孟归就知道,不吃东西喝闷酒,绝对挨不过半个小时。
“司尘,我们还要等盛先生吗?”孟归把人带去梦岛附近的椅子上坐下,累的气喘吁吁。
顾司尘没回应,斜斜靠在椅背上,眼睫垂下映出一片扇形,显然已经快要睡着了,他脑子晕得很,连地面上落下的花瓣都在他眼前来回的转圈,太阳穴也一跳一跳的痛。
二人坐了一会儿,顾司尘兜里的手机就接连响个没完。
“司尘,你有电话进来。”孟归提醒他。
顾司尘还是没什么反应。
“司尘?”孟归抬手在他眼前晃来晃去,男人也还是保持着垂着睫毛的姿势,跟入定了似的。
“……”
孟归见电话还在响,只好伸手摸出来看,他是顾司尘的经纪人,接顾司尘的电话也是家常便饭,只是这一看,他便马上按下了接听。
“苏侦探吗?不好意思,司尘他现在的状态没有办法接电话,不过您跟我说也是一样的,我是孟归,上次还是我把您介绍给他的。”
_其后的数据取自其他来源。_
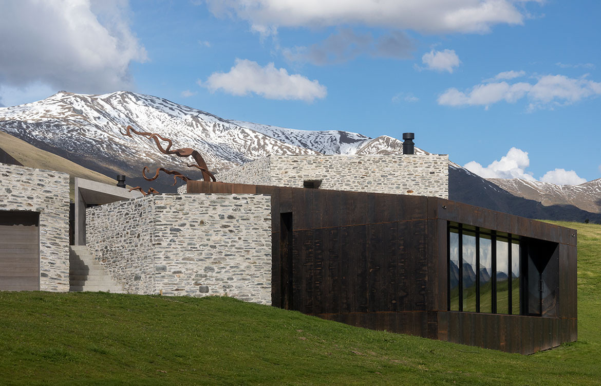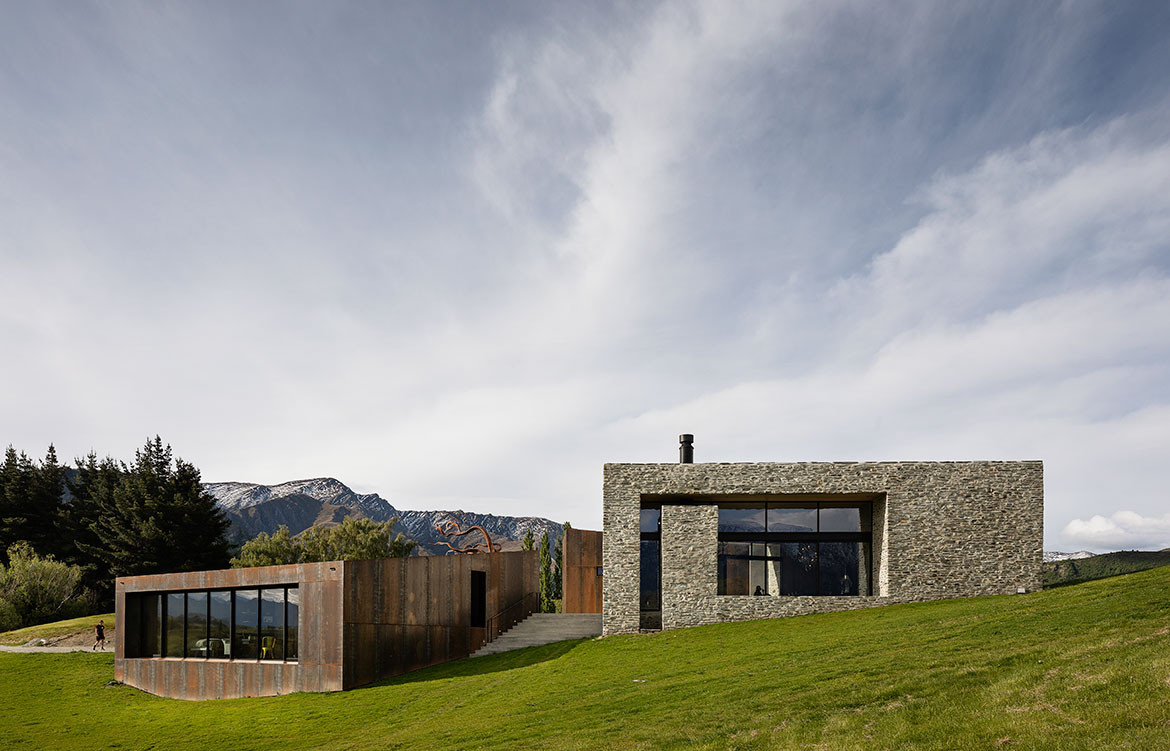 The whole area is in fact sculpted by glaciation and erosion with the basin floor peppered with exposed stone outcrops. As well as this very raw, physical environment, there are the remnants of 18th century gold mining. Scoured rivers with the iron huts and stone stores abandoned after the gold rush, left to weather and rust. These simple structures formed a basis for the geometric and material expression of the house – shed-like ‘remnants’ recreated in weathered Corten steel for the bedroom pavilions and the local Glenorchy schist for the living pavilion and garage.
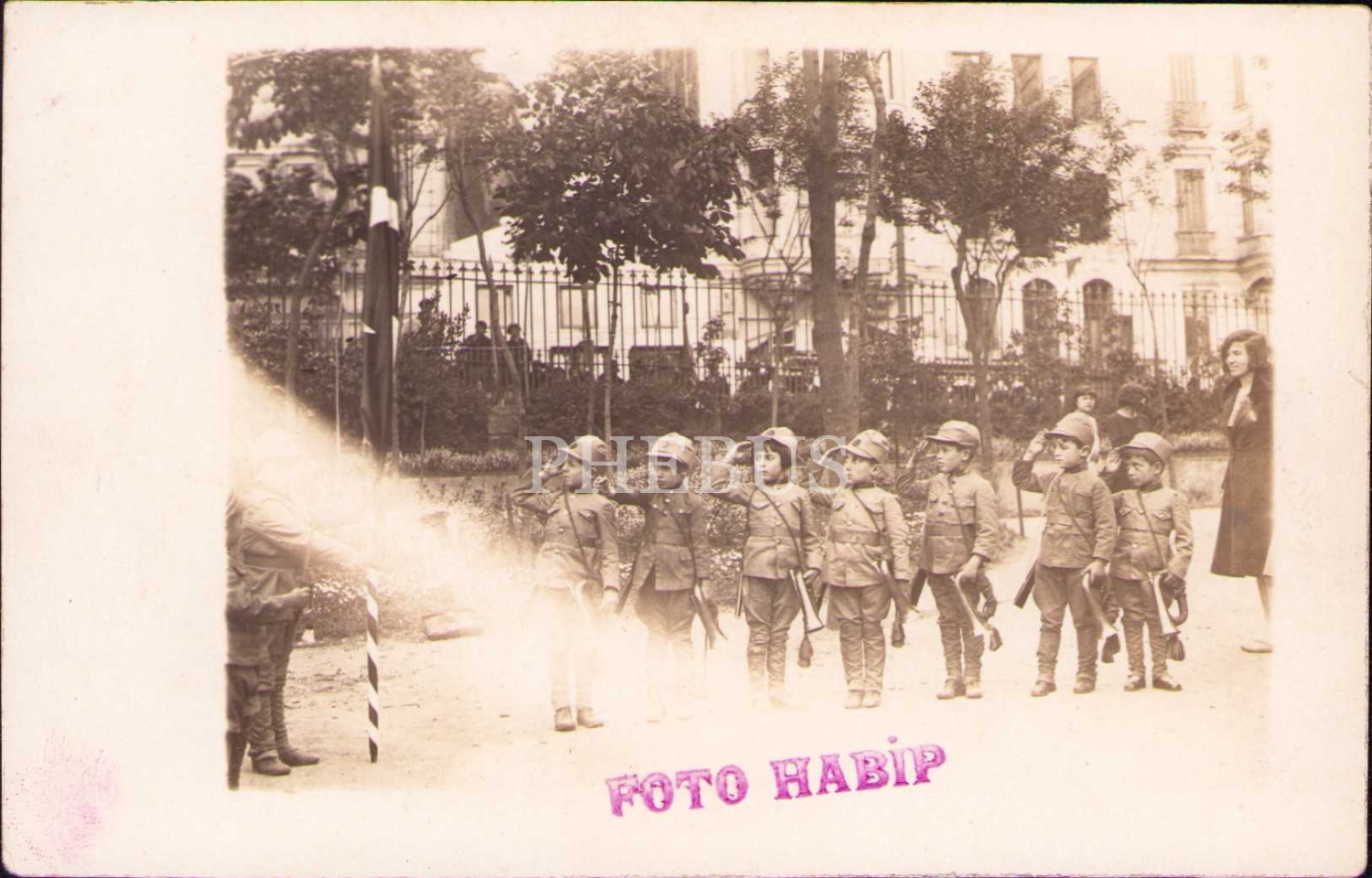 Asker üniformalarıyla selam veren çocuklar, Foto Habip damgalı, kenarları hafif soyulmuş haliyle
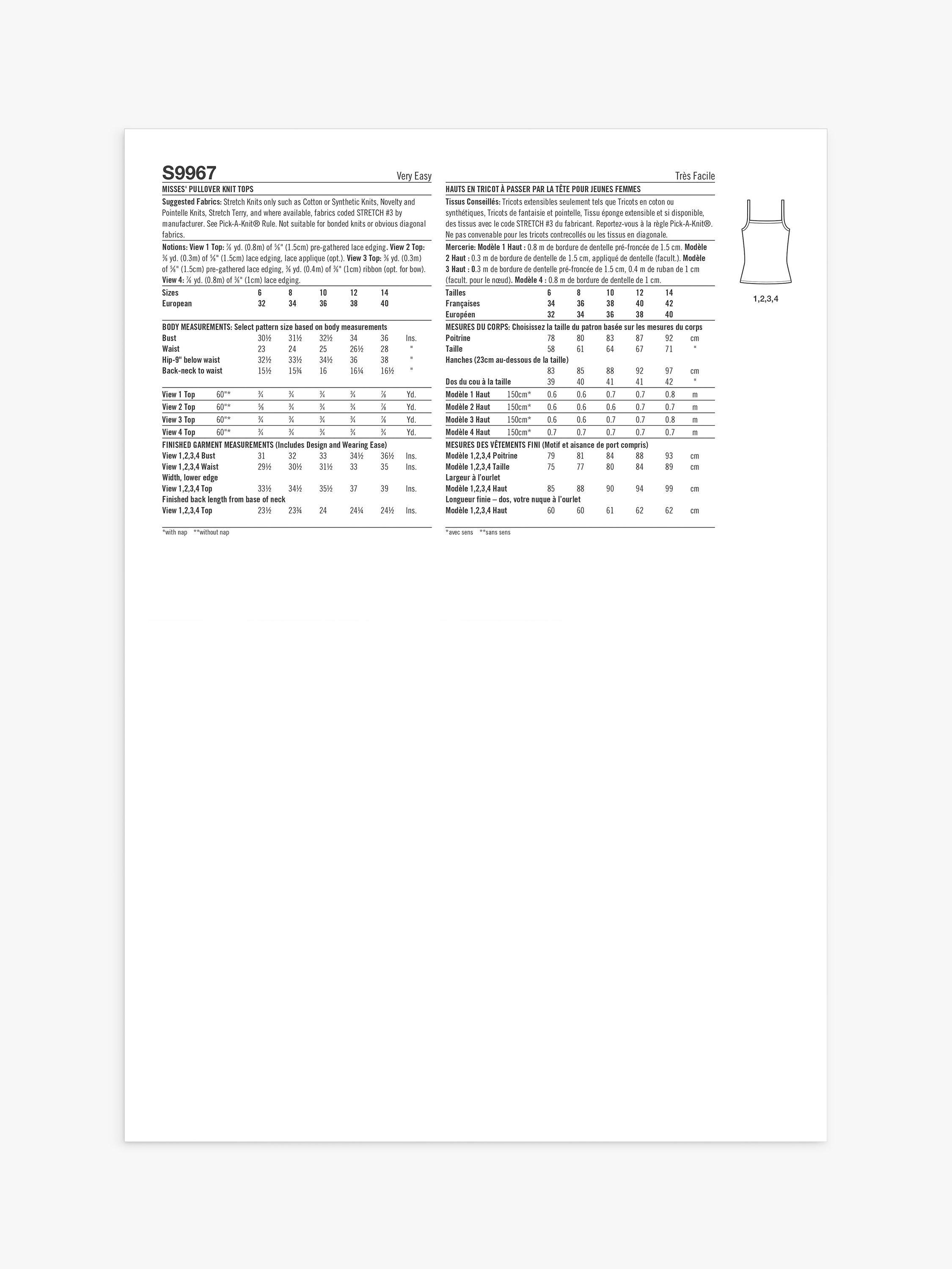 Top stitched tops have self-banded straps and lace trims. View 1 has self-ruffle flounce. View 2 has optional lace applique. View 3 has optional satin ribbon trim. View 4 has mock wrap front.
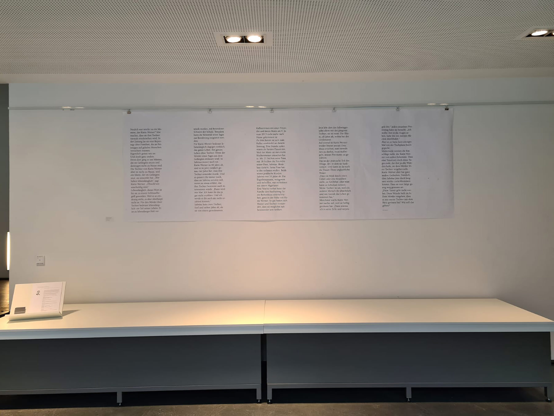 Die Objekte aus ihrer ersten Einzelausstellung „Schriftbilder“ hat Carolin George um weitere ergänzt und 2021 im Museum Lüneburg, Raum M, ausgestellt. Zeitgleich erschien ihr Katalog: „Menschenlesen – Porträts in Wort und Objekt“. Erhältlich ist er in Atelier 11 der KulturBäckerei. Zum Abschluss der Ausstellung las sie im Innenhof des Museums aus dem Katalog und erzählte aus der Entstehung der Werke.
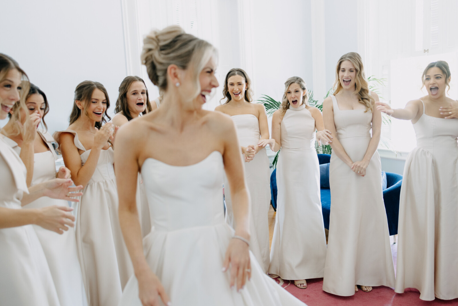 “During dinner, our band was playing ‘Shallow,’ and almost the entire reception started singing along, prompted by the most unexpected groomsmen. It was hilarious and will live rent-free in our memories forever.”
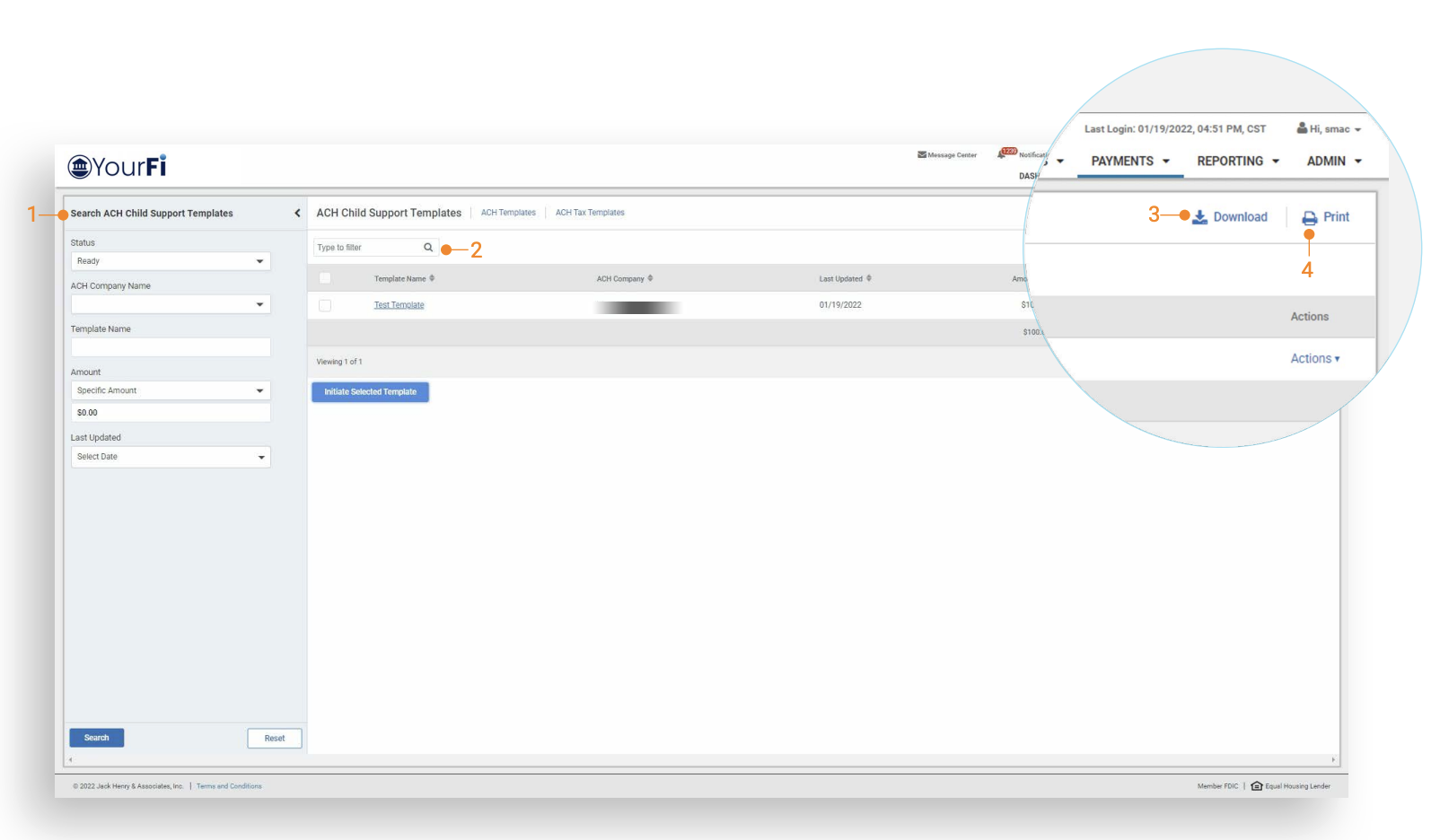 - Within the ACH Child Support Templates listing, users can filter the results, create payments from a single selected template, modify a template, print the template listing or details, or download the template listing or details.
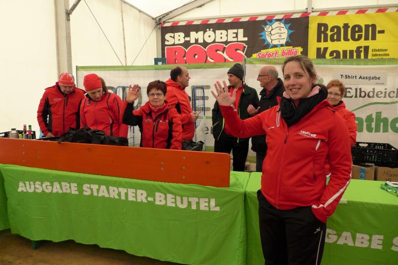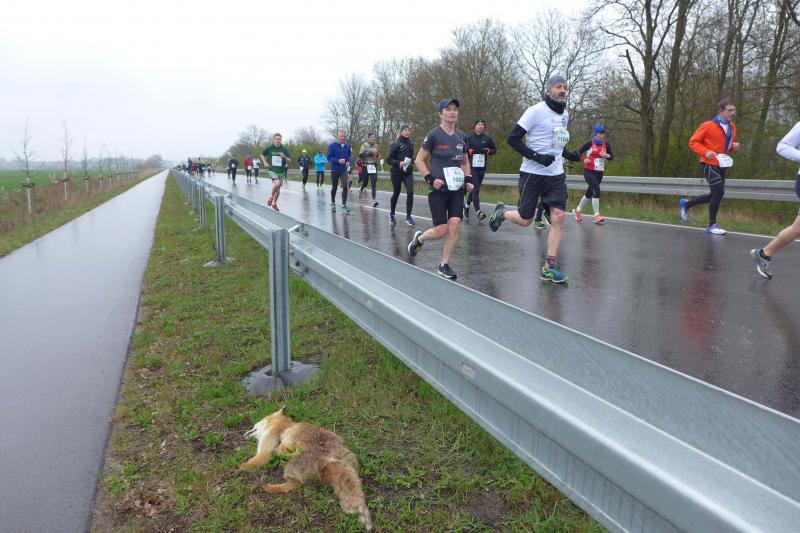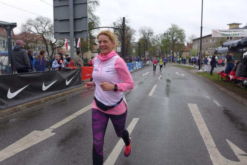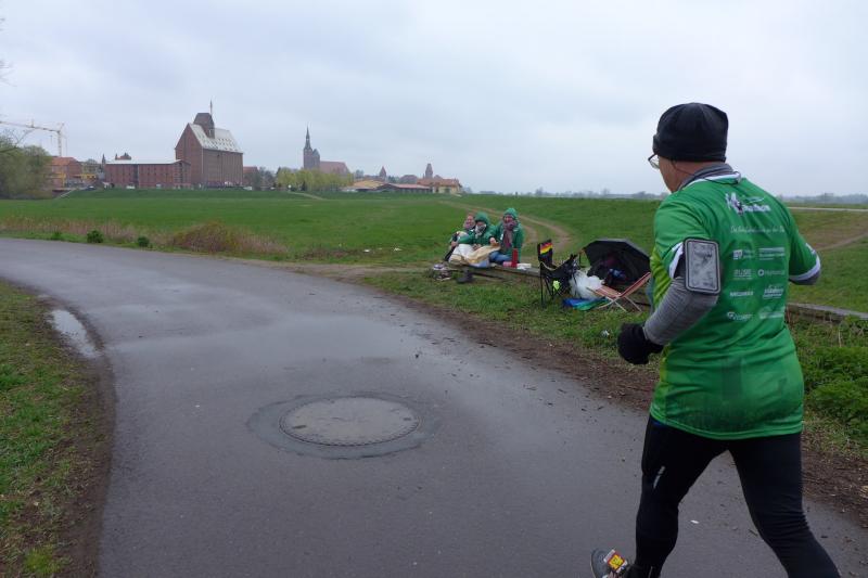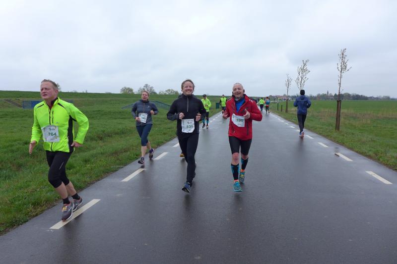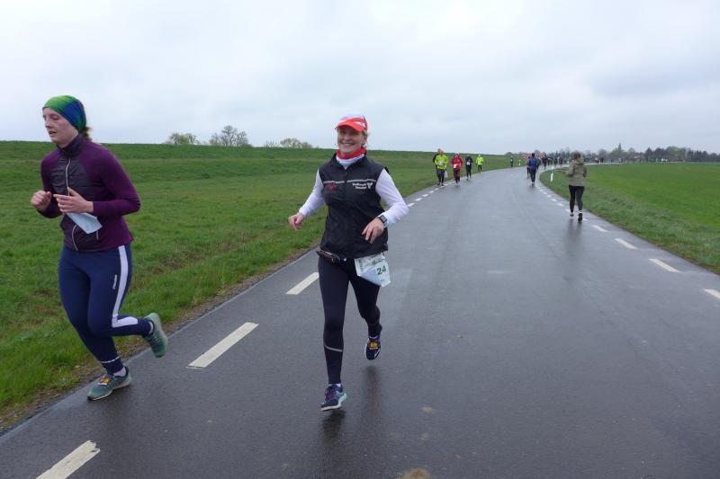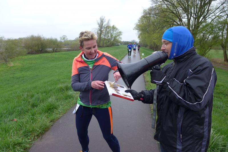Die Regeneration war noch nicht abgeschlossen und der Muskelkater noch garnicht da, als die Läufer am nächsten Morgen bereits beim Tangermünder Elbdeich Marathon an der Startlinie standen. Statt der Sechs waren nun ganze 15 Gaensefurther vertreten. Das ungemütliche Wetter setzte noch einen drauf, denn es regnete an diesem Sonntag besonders schön. Läufern macht das in der Regel nichts aus. Doch nun standen 1.800 Läufer im Pulk frierend am Start, da halfen warme Gedanken auch nicht mehr. Doch dann ging es los – auf zehn Kilometer am Deich entlang oder auf eine Halbmarathon-Runde über Bölsdorf , Buch und Schelldorf bis zurück in die Hansestadt Tangermünde. Über die Marathondistanz hatten die Bode-Runners diesmal keine Läufer am Start. Der Regen war im Ziel fast gänzlich vergessen und auch dem böigen Wind hatte man die kalte Schulter gezeigt. Fast alle Finisher über die 21,1 Kilometer landeten eine Zielzeit um die zwei Stunden. Auch Renate Liedtke finishte in Tangermünde ihren Halbmarathon überglücklich nach 02:20 Stunden. „Berlin BIG 25 kann kommen, da habe ich jetzt keine Angst mehr!“, resümierte die rüstige Sportlerin.
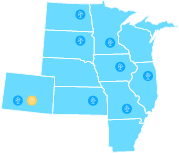 Avangrid built and operates a large portfolio of onshore wind and solar projects throughout the central United States. Across Colorado, Illinois, Iowa, Kansas, Minnesota, Missouri, North Dakota, and South Dakota, Avangrid operates 26 clean energy projects (25 wind, 1 solar) with a combined capacity of 2.7 GW. The region, famous for its winds, includes some of Avangrid’s oldest and newest wind energy projects. States like Illinois, Iowa, and Minnesota represent some of largest states in Avangrid’s onshore wind portfolio by capacity.
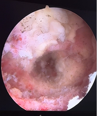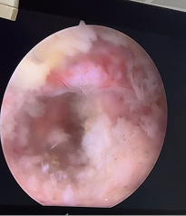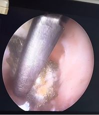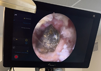 Рис. 3. Вид интраоперационной раны на экране монитора после выделения осколка перед его удалением.
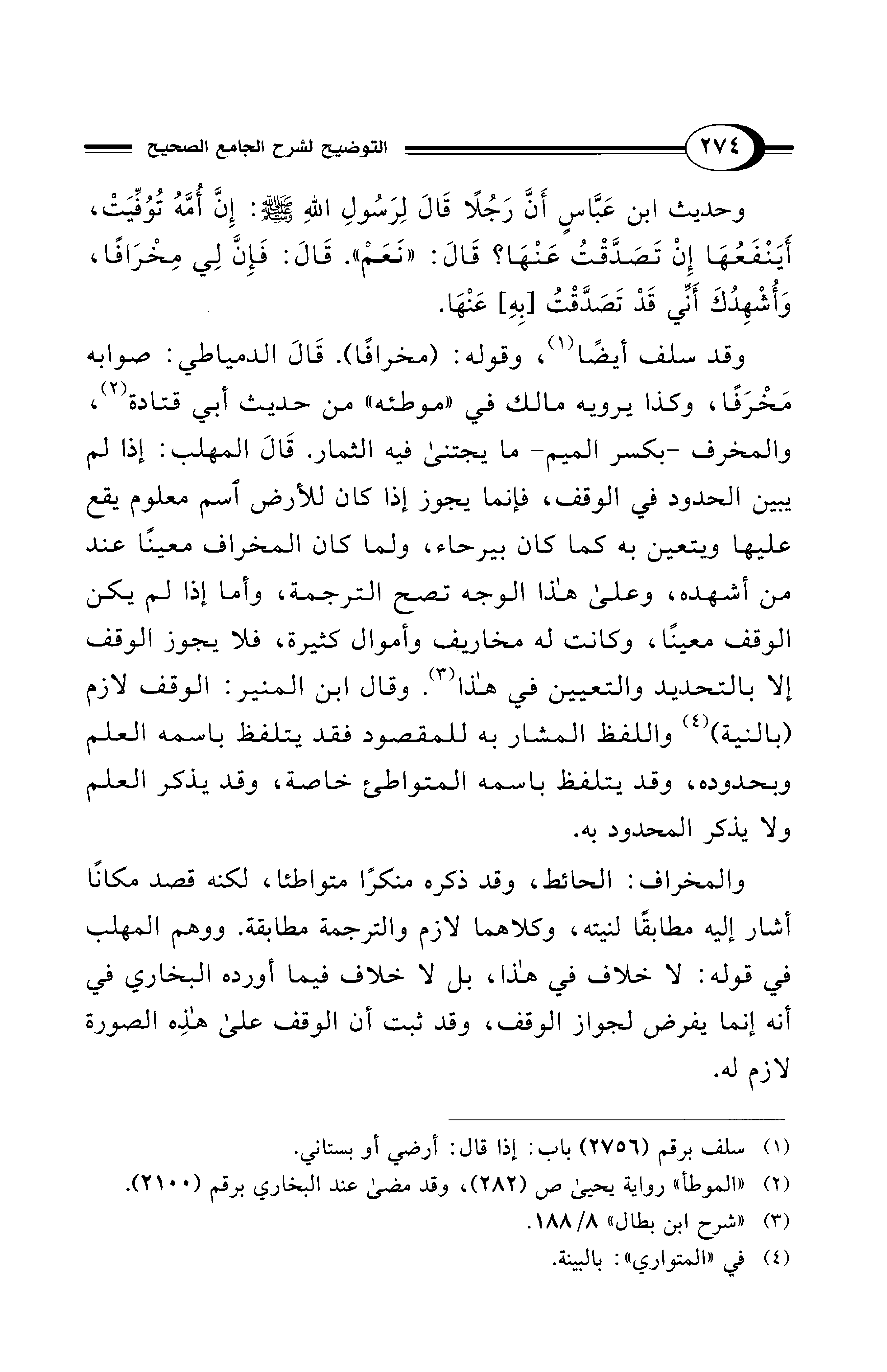 وقد سلف أيضًا (¬1)، وقوله: (مخرافًا). قَالَ الدمياطي: صوابه مَخْرَفًا، وكذا يرويه مالك في "موطئه" من حديث أبي قتادة (¬2)، والمخرف -بكسر الميم- ما يجتنى فيه الثمار. قَالَ المهلب: إذا لم يبين الحدود في الوقف، فإنما يجوز إذا كان للأرض اسم معلوم يقع عليها ويتعين به كما كان بيرحاء، ولما كان المخراف معينًا عند من أشهده، وعلى هذا الوجه تصح الترجمة، وأما إذا لم يكن الوقف معينًا، وكانت له مخاريف وأموال كثيرة، فلا يجوز الوقف إلا بالتحديد والتعيين في هذا (¬3). وقال ابن المنير: الوقف لازم (بالنية) (¬4) واللفظ المشار به للمقصود فقد يتلفظ باسمه العلم وبحدوده، وقد يتلفظ باسمه المتواطئ خاصة، وقد يذكر العلم ولا يذكر المحدود به.
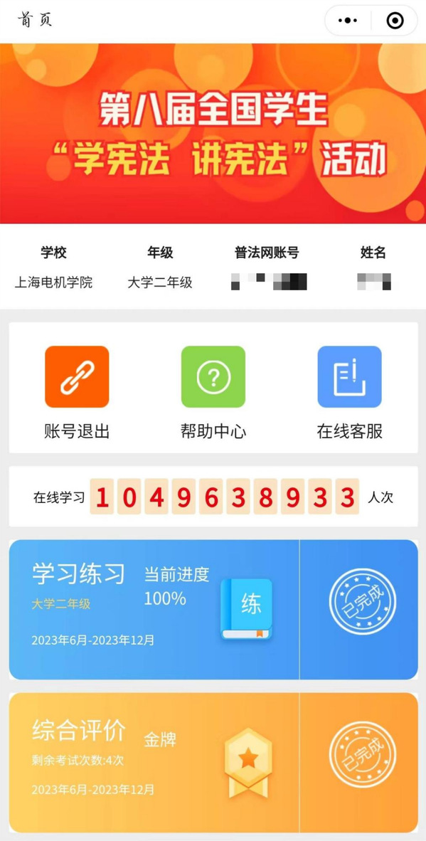 2.在微信小程序或普法网完成高等教育阶段宪法知识在线学习、练习与综合评价,并获得“宪法卫士”标识。

苏尔斯记得孟归,孟归给他介绍客户也不是一次两次了,孟归曾带着妹妹孟雅去听过他的讲座,因为孟归是内娱著名的金牌经纪人,二人便理所应当的结交了。
苏尔斯笑着跟他打招呼,说话的声调沉稳老练,不急不缓,“那就麻烦孟先生待顾影帝方便的时候,转达他一下。”
孟归道了声“一定”,继续听着。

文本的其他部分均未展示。